• [DATASET RECORDS]
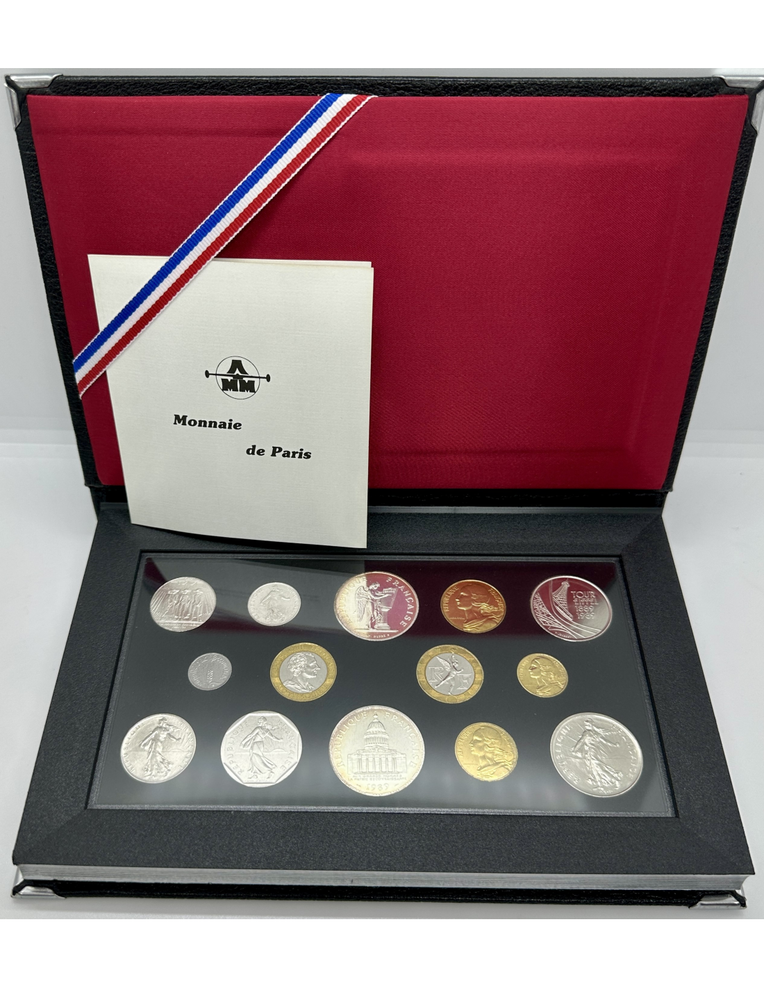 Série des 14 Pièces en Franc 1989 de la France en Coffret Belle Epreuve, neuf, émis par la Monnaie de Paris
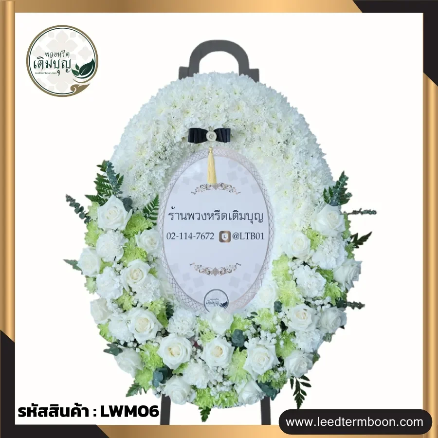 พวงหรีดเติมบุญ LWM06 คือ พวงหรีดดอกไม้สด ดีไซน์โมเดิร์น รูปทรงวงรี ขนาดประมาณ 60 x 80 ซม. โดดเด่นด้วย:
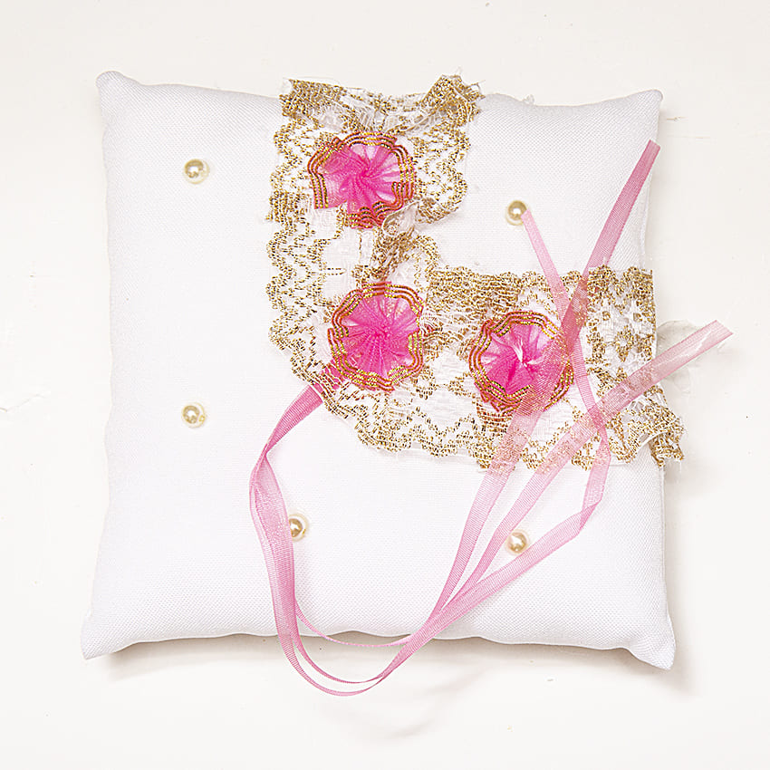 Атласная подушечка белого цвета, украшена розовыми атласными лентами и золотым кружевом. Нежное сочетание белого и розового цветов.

---

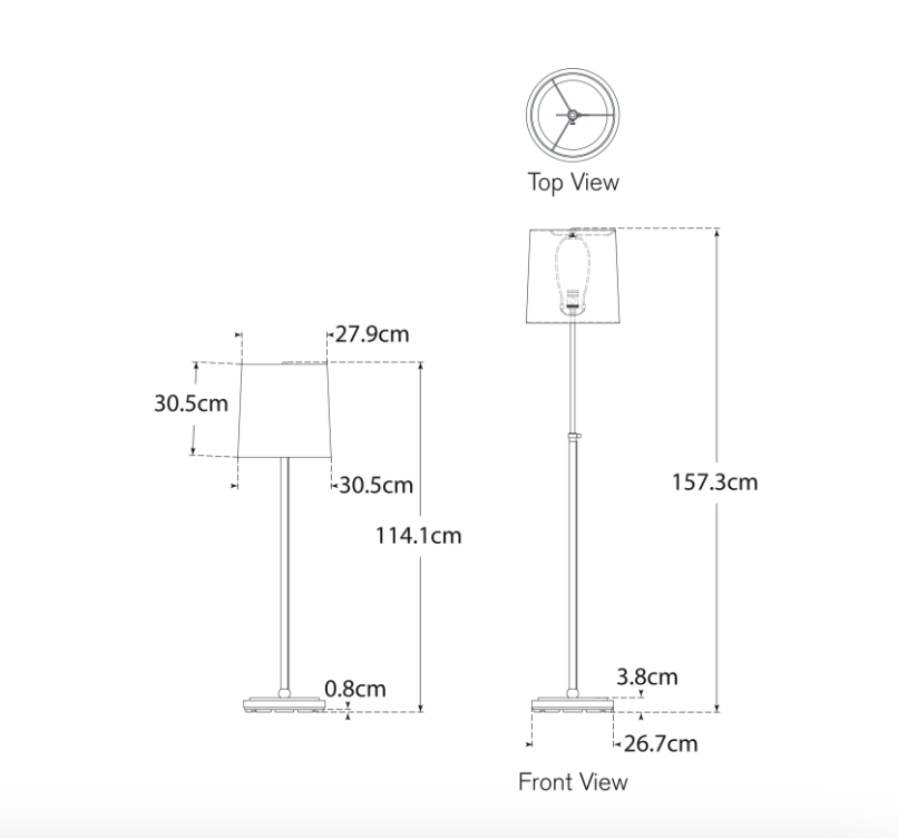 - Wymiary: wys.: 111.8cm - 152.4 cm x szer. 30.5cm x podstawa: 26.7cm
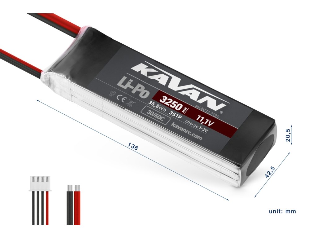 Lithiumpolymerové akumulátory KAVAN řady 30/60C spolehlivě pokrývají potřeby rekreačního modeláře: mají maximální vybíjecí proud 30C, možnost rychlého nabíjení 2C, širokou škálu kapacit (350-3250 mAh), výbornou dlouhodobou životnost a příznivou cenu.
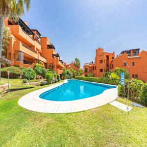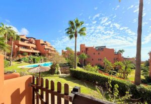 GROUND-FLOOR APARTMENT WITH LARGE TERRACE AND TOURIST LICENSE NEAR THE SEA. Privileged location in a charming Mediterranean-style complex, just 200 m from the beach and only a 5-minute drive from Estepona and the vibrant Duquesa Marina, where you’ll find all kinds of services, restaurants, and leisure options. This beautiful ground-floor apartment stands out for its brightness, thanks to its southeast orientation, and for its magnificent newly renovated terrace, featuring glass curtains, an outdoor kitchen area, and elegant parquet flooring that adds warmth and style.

--

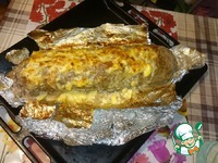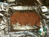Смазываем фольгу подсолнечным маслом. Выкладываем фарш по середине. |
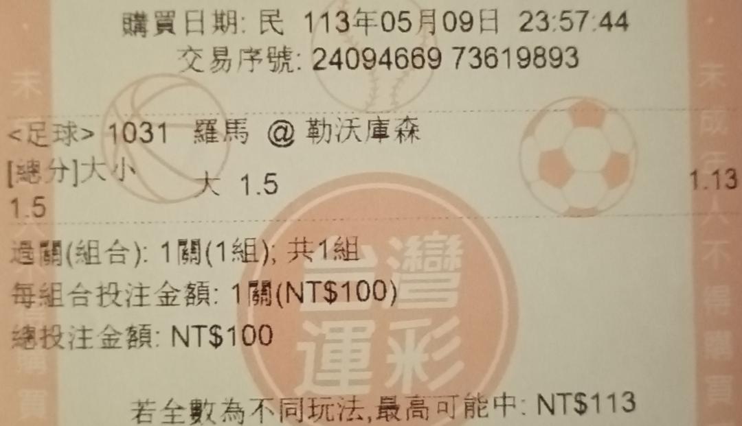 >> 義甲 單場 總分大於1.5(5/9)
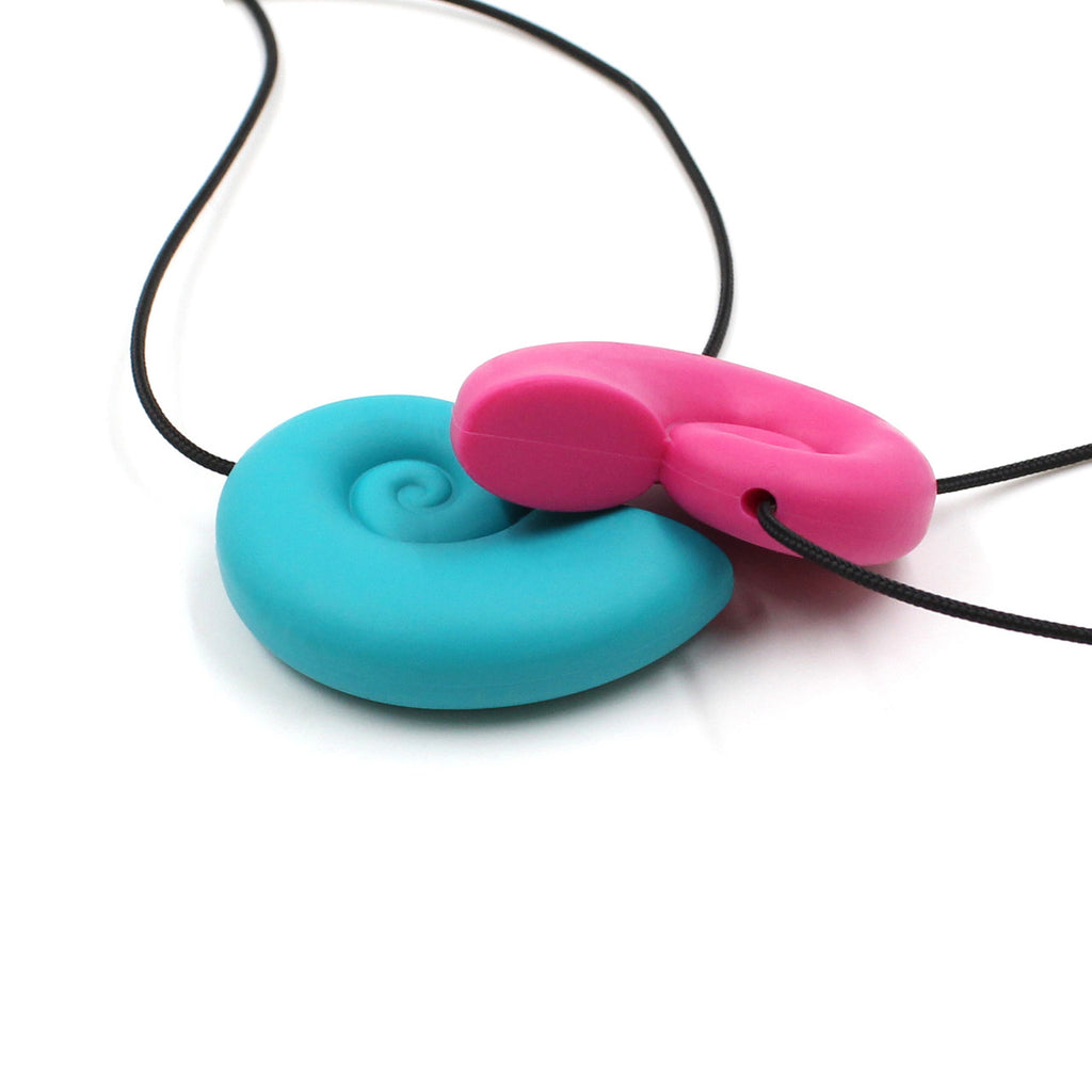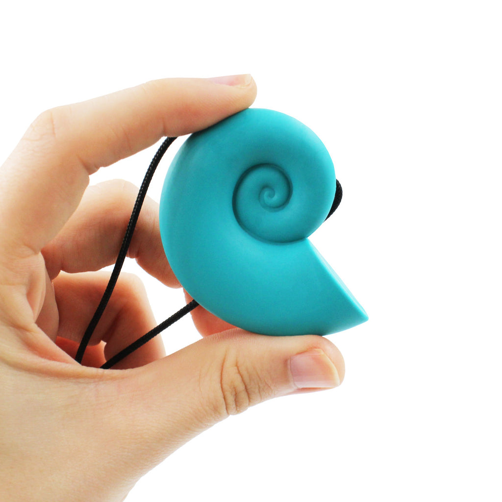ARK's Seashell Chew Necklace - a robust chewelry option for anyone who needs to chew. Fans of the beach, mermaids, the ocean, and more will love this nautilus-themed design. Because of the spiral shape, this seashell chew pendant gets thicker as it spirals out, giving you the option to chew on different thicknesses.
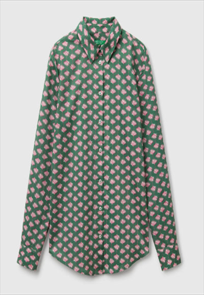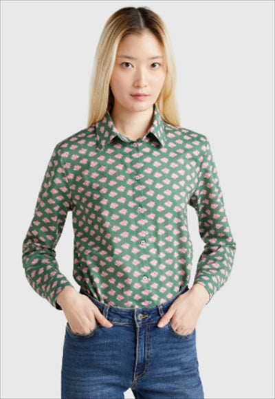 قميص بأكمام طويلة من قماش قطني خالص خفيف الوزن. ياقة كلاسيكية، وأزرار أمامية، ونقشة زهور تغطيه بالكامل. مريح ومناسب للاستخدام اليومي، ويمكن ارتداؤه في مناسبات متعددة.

• [DESCRIPTION OF THE TASK] Within the listing above, find the line containing "Série des 14" and the line containing "Атласная подушечка белого". Transcribe them and everything between them exactly, leaving out the pictures.

• [TASK ANSWER]
 Série des 14 Pièces en Franc 1989 de la France en Coffret Belle Epreuve, neuf, émis par la Monnaie de Paris
 พวงหรีดเติมบุญ LWM06 คือ พวงหรีดดอกไม้สด ดีไซน์โมเดิร์น รูปทรงวงรี ขนาดประมาณ 60 x 80 ซม. โดดเด่นด้วย:
 Атласная подушечка белого цвета, украшена розовыми атласными лентами и золотым кружевом. Нежное сочетание белого и розового цветов.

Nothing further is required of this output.